但路过客厅,还没走到房间门口,程砚南却突然叫住了她。
盛枳歪着头,眼底满是疑惑。
“干嘛?”
程砚南没说话,只是站了起来,走到她面前,然后牵住了她的手腕。
盛枳顺着程砚南,被他按着坐在了沙发上。
她看着转身在茶几的抽屉里,找着什么的程砚南。
更加不明白他这是搞哪一出了。
等了一会,盛枳逐渐没了耐心。
刚张开嘴想要问些什么,程砚南却在这个时候转过身了。
盛枳视线往下,看到他手上的云南白药创口贴,不由得愣住了。
紧接着,脚踝处传来一阵温热的触感。
她看见程砚南一只手扶住了自己脚跟,然后另一只手拿着创口贴贴了上来。
眼前的程砚南半蹲在地上,他动作轻柔,脸稍低着,被碎发盖住。
从她的角度能清晰地看见他敛下的眼睫毛,以及挺拔的鼻梁。
盛枳呼吸一顿,不知道是不是自己的脚被程砚南握住的原因。
她突然觉得……有些害臊呢。
盛枳抿了抿唇,她摸了摸发烫的脸,猛地别开视线。
完了完了,长得太帅了就是不好。
还好她没有脚气或者脚臭。
要不然程砚南得去掉半条命。
“吱吱。

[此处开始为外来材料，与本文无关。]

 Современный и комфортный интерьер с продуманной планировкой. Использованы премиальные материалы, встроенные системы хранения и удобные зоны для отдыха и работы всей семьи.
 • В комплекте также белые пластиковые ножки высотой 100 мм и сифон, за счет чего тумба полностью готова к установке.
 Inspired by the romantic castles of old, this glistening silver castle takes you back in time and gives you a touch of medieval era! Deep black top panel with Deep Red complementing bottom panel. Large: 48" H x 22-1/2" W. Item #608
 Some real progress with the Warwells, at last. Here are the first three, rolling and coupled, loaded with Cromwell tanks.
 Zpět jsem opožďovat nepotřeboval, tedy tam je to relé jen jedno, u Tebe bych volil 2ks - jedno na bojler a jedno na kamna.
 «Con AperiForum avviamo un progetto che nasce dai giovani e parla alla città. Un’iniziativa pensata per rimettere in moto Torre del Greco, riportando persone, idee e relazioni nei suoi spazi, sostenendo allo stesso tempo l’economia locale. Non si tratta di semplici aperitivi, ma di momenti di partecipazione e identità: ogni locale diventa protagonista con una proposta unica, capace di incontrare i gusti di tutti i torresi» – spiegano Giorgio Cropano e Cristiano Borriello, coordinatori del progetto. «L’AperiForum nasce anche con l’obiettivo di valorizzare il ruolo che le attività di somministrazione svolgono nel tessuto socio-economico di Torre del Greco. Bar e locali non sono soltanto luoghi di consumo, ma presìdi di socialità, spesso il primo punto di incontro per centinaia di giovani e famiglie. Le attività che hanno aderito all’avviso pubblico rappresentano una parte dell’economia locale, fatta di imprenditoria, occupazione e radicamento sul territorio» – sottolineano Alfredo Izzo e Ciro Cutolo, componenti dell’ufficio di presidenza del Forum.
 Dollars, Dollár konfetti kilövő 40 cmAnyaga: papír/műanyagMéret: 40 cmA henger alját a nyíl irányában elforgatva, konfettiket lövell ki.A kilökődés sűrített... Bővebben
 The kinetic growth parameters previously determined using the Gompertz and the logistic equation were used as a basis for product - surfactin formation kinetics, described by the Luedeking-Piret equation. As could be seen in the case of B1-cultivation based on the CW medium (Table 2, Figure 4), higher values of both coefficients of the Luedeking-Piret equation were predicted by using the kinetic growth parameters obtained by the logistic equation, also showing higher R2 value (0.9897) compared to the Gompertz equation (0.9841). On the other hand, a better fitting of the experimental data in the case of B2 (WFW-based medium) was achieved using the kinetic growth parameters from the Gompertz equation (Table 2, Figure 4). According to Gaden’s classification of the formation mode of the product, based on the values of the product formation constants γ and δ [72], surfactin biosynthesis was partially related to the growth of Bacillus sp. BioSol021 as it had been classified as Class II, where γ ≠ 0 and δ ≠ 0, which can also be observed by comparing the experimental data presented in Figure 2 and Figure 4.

”
听到程砚南低沉温和的嗓音,盛枳下意识地转头望去。
两人的视线在空中交汇。
盛枳对上程砚南的眼神,她猛地心头一震。
心脏徒然漏掉了一拍。
可是好奇怪。
明明程砚南跟平时一样,漆黑的眼睛里没什么情绪,表情也淡淡的。
脸不还是那张脸,也没什么特别的魅力。
盛枳紧张地抿起唇。
而且她能清楚地感觉到,有一些东西在脱离自己的控制。
她跟程砚南之间好像变得有些不一样了。
而且更可怕的是……
盛枳垂下眼,她的视线落在程砚南的嘴唇上,然后咽了咽口水。
程砚南看起来好像……
很好亲的样子。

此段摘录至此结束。